Closed buttercutter closed 3 years ago

buttercutter commented 3 years ago

May I know how should I interpret your training data csv file ?

I do not quite understand the columns naming style.

bsamseth commented 3 years ago

Hi!

Sure thing. Taking the first line as an example:

x1,x2,x3,x4,x5,x6,x7,x8,x9,o1,o2,o3,o4,o5,o6,o7,o8,o9,m1,m2,m3,m4,m5,m6,m7,m8,m9,turn,score
1,0,1,0,1,0,0,1,0,0,1,0,1,0,1,1,0,0,0,0,0,0,0,0,0,0,1,0,1

The first nine columns (the xn columns) indicate whether there is an X at the n'th square or not. The next nine do the same for the O's. Togheter these 18 columns tell you what the board looks like. In this example, you get

X | O | X
O | X | O
O | X | 

The next nine columns tell you what is the best move(s). In this case the only legal move has a 1, the remaining are marked with a 0.

Lastly you get who's turn it is (0 for X and 1 for O), and the score of the board. The score refers to what the theoretically best score the player can get with optimal play. In this case, the score is 1 because X will be able to win this position with optimal play (in this case there's only one legal move, but nonetheless). A draw is a score of 0, a forced loss is score -1.

I hope that clears things up for you!

buttercutter commented 3 years ago

It seems that you have 4520 training cases in the csv file.

I believe 4520 is not the fully-exhaustive training dataset ? What about the test dataset ?

buttercutter commented 3 years ago

Ok, I saw you are allocating 0.2 (20 percent) of 4520 cases for test purposes.

Why input_dim only includes X ? What about moves ?

bsamseth commented 3 years ago

The moves are the output, they don't belong in the inputs. If you did, the model would quickly realize that it should ignore everything else and just output the moves, because you are giving it the "answer" as part of the input.
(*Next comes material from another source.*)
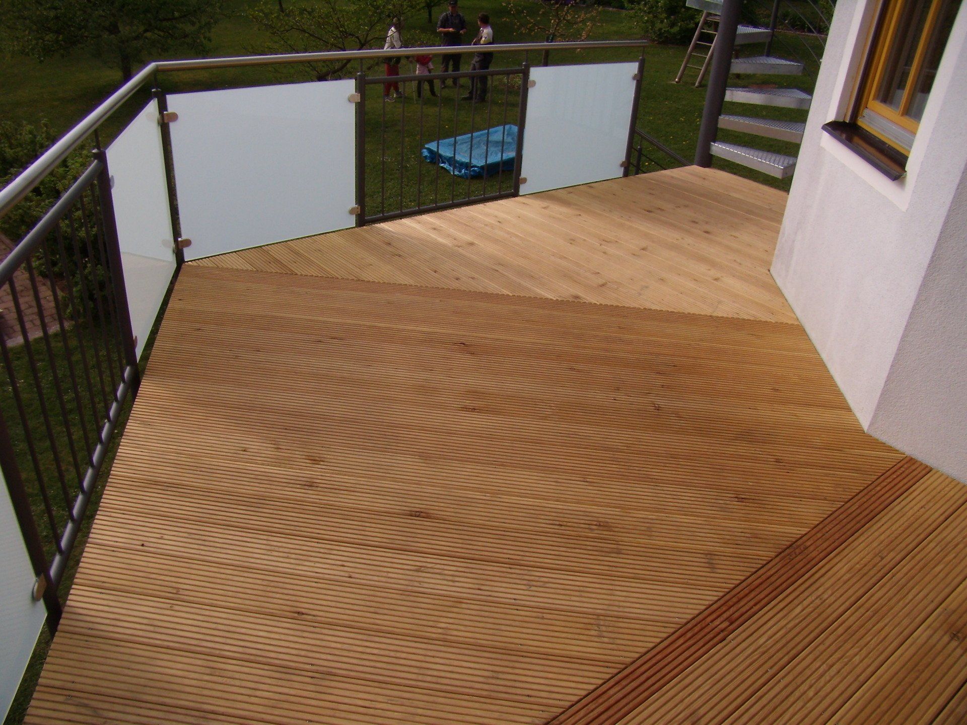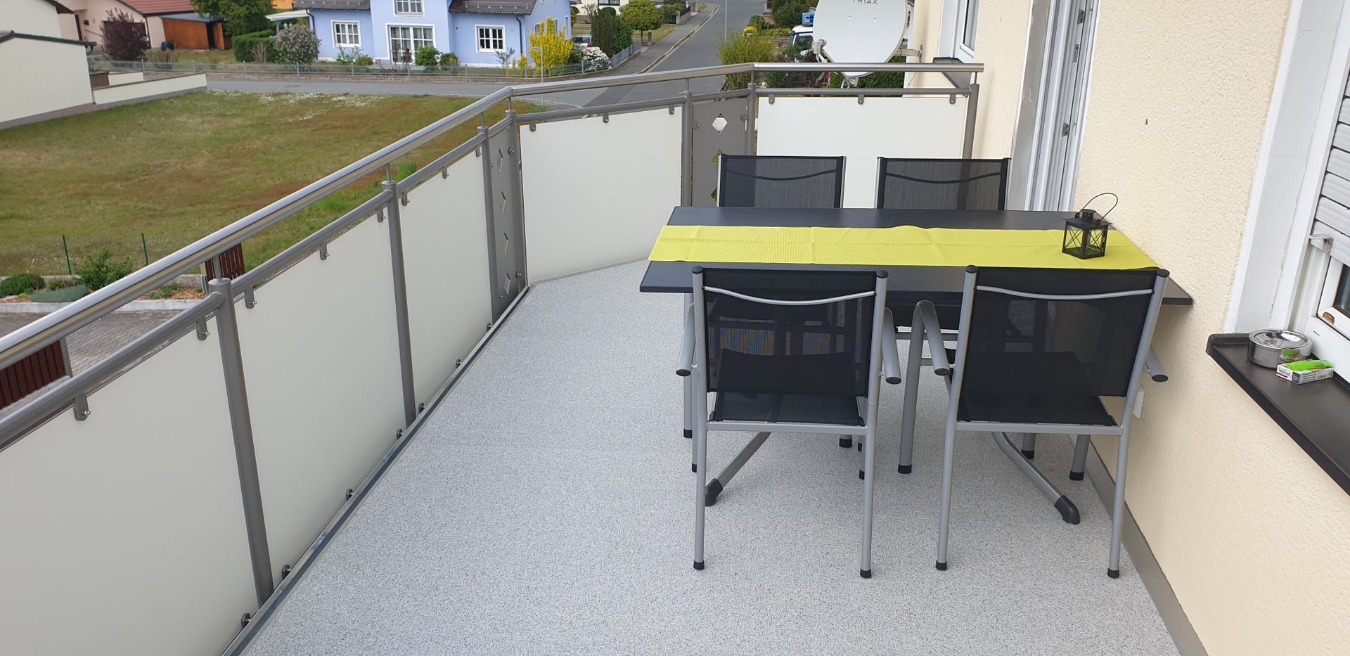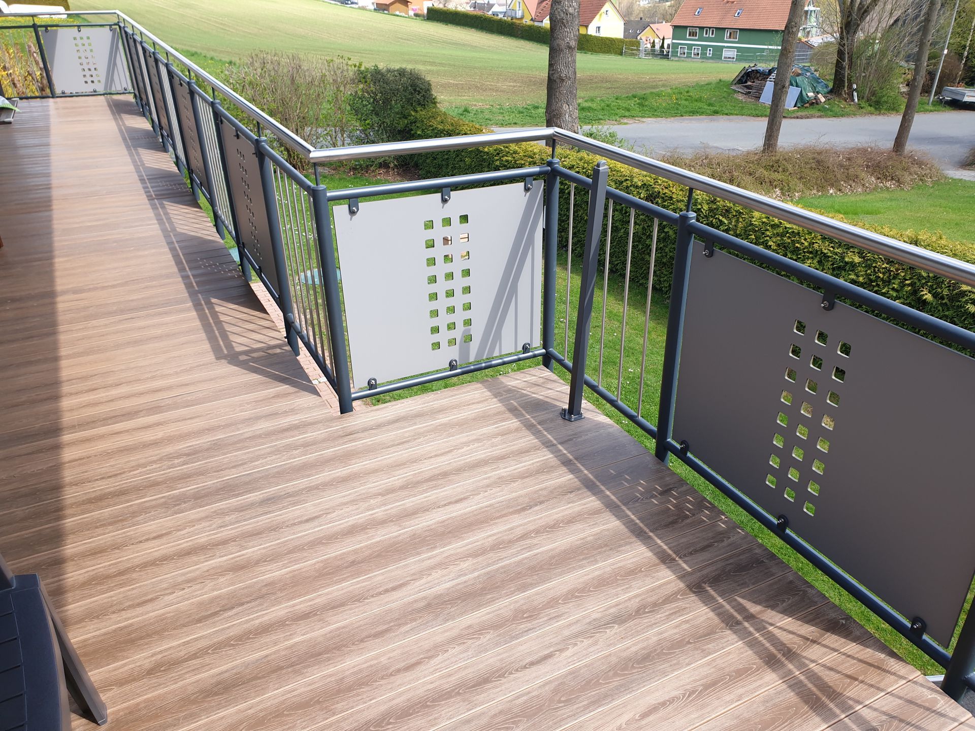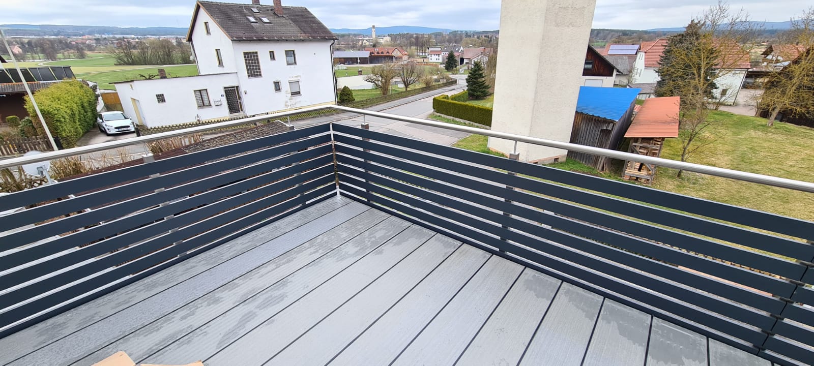 Als Balkonboden wurden hier WPC-Dielen mit bauaufsichtlicher Zulassung für den absturzgefährdeten Bereich verwendet.

Try it and see what happens! :)

buttercutter commented 3 years ago

ok, inputs are board features plus turn , output is preferred next move.

What about score ?

buttercutter commented 3 years ago

I suppose a good NN combines both policy (preferred next move) and value (good score) ?

By the way, is this how you generate the csv training dataset ?

I do not quite understand what functionality does def bitboard_to_list(board) actually perform ?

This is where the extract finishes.